FOR 54 years, farmer Yan Shunyi did not know the first thing about Western musical instruments, but now he is a saxophone player.

Yan lives in Langzitou, an impoverished village in northern China’s Hebei Province. He started learning to play the saxophone in March as part of a local government’s poverty reduction program.

After learning for several months, he is now able to play over 20 pieces of sheet music.

“In the past I knew nothing but farming, but now I can not only play the saxophone but also assemble instruments,” Yan says.

Wuqiang County where Langzitou is located is a major production base for orchestral instruments in China, with more than 50 instrument-manufacturing plants, employing 20,000 workers.

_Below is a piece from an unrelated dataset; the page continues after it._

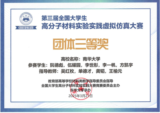3月21日晚第三届全国大学生高分子材料实验实践仿真大赛决赛在全国各高校同步举行,来自四川大学、天津大学、北京化工大学、华南理工大学等高校在内的79所高校、全国高分子材料专业超过千余名学生参赛。我校bv伟德国际1946高分子材料工程系20名学生在吴红枚、单德才、龚韬、王榆元四位指导老师带领下参加本年度双实仿真大赛的角逐。比赛结果已于近日公布,我校学子成绩优异,我校参赛队伍首次收获团体三等奖奖项,阮德彪、伍耀园获得个人一等奖,李世彤等8名同学获得个人二等奖。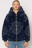 Make a bold statement with the VOLY coat – a standout piece of the season. In ultra-soft faux fur, it catches the eye with its bandana print for a graphic, daring touch. The integrated hood and short cut strike the perfect balance between comfort and style. Easy to pair, it elevates even the simplest outfits.

As China aims to lift its poor people out of poverty by 2020, Wuqiang, a state-level impoverished county with nearly 10,000 people living in poverty, has offered support through saxophone lessons and instrument assembly training.

The project started in March and has seen 1,000 people in poverty from 94 villages trained free of charge.

Jinyin Group, a leading instrument company, is in charge of the project.

Zhang Huanying, from Jinyin Group, has taught over 20 people in Houjiatun Village to play “Happy Birthday.”

“You are in a whole group while playing, so you must pace yourselves carefully,” Zhang says to his students.

Villagers have the chance to perform at tourist resorts, wedding ceremonies and company parties to “enrich their cultural and material life,” he says.

The instruments, offered by the company free of charge, are specially designed for the entry-level villagers, Zhang says.

Poor families also receive training on instrument assembly.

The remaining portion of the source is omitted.